Two cubes of volumes 8 and 27 are glued together at their faces to form a solid with the smallest possible surface area. What is the surface area of the resulting solid?

So, consider just one face of the cubes, they have to be glued. If the smaller is put smack dab, consider that the standard surface area. The exposed surface area on that glued face only is

exposed=9-4=5

But what if the don't overlap exactly, one hangs over the side of the other.
let x be the overhang.
surface area on the joined surface of the smaller cube is 2x
and the surface area on the joined surface of the larger cube is 9-(2-x)2
total= 2x+9-4+2x=5+4x so the minumum surface area on that surface will be 5

total surface of this configuration:
5+5*9+5*4=70sqr units

check my thinking

area of 3x3x3 cube is 6*9=54

area of 2x2x2 cube is 6*4=24

If not joined, total area is 78

The maximum concealed surface area is an entire face of the 2-cube, on both solids: 2*4 = 8

So, the minimum exposed area would be 78-8 = 70

First, we note that the cubes of volume 8 and 27 must have edges of length 2 and 3, respectively. Hence, their surface areas are 6 * 2^2 = 24 and 6 * 3^2 = 54, respectively.

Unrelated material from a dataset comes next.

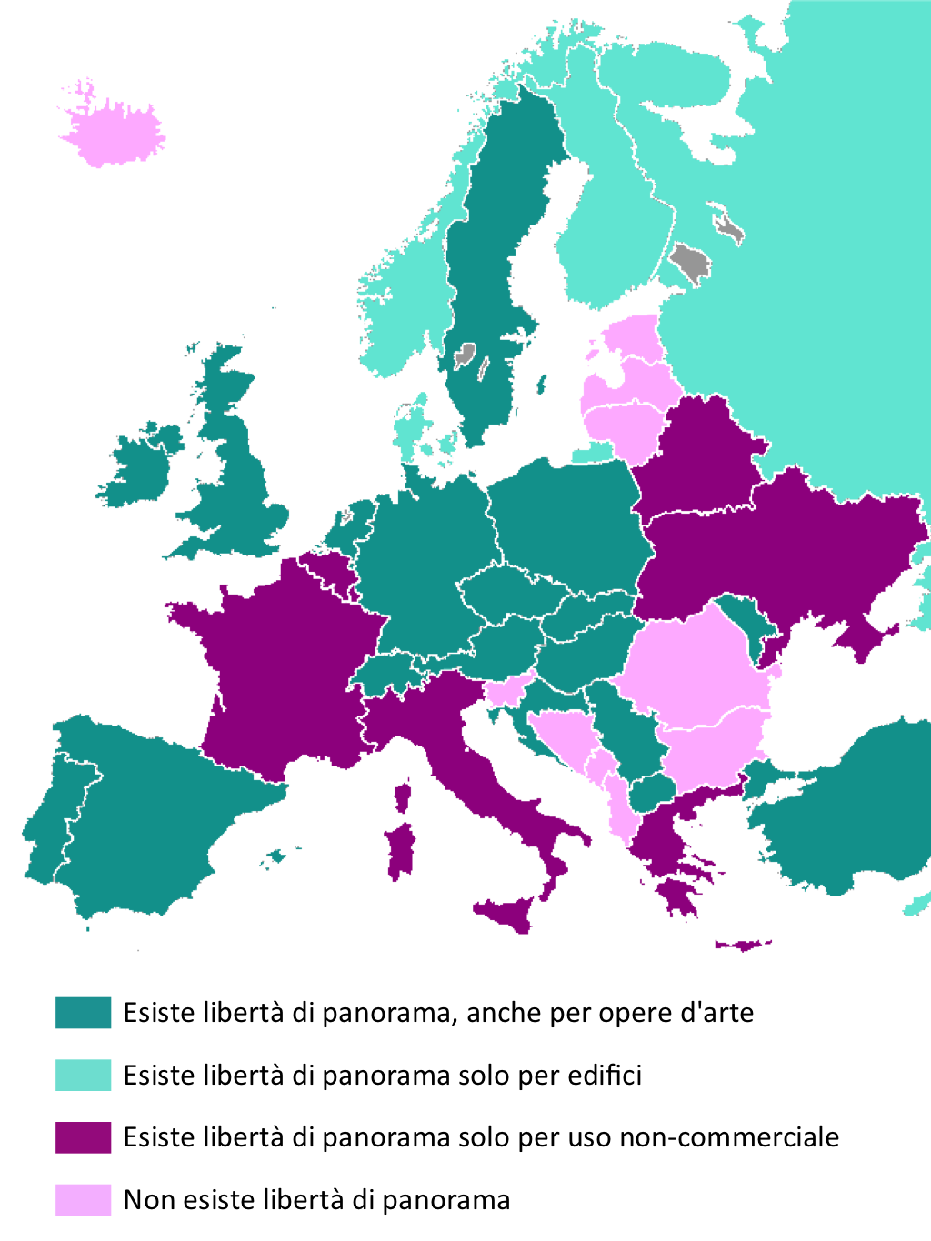 La Direttiva 2001/29/CE già prevedeva, all’art. 5 par. 3 lett. h, la facoltà per gli Stati Membri di recepire una eccezione al diritto di autore, la c.d. “libertà di panorama”, in forza del quale scattare e riprodurre fotografie di opere dell’architettura e della scultura posti stabilmente in luoghi pubblici sarebbe consentito senza autorizzazione da parte del titolare dei relativi diritti d’autore, sempre se tali usi siano effettuati per fini non commerciali.

The largest possible surface area that the cubes could share is the area of one face of the smaller cube, namely 2^2 = 4. Therefore, the smallest surface area of the solid resulting from gluing the two cubes together is 24 + 54 - 2 * 4 = 70.

First, we take the cube root of the volumes as this will give us the edge length. So the edge lengths are 2 and 3. From this we calculate the surface areas of the cubes, which are 24 and 54. 24+54=78, and the largest possible area the cubes could share would be 8 units squared. 78-8=70 units squared.

Happy to help,
Dog_Lover :)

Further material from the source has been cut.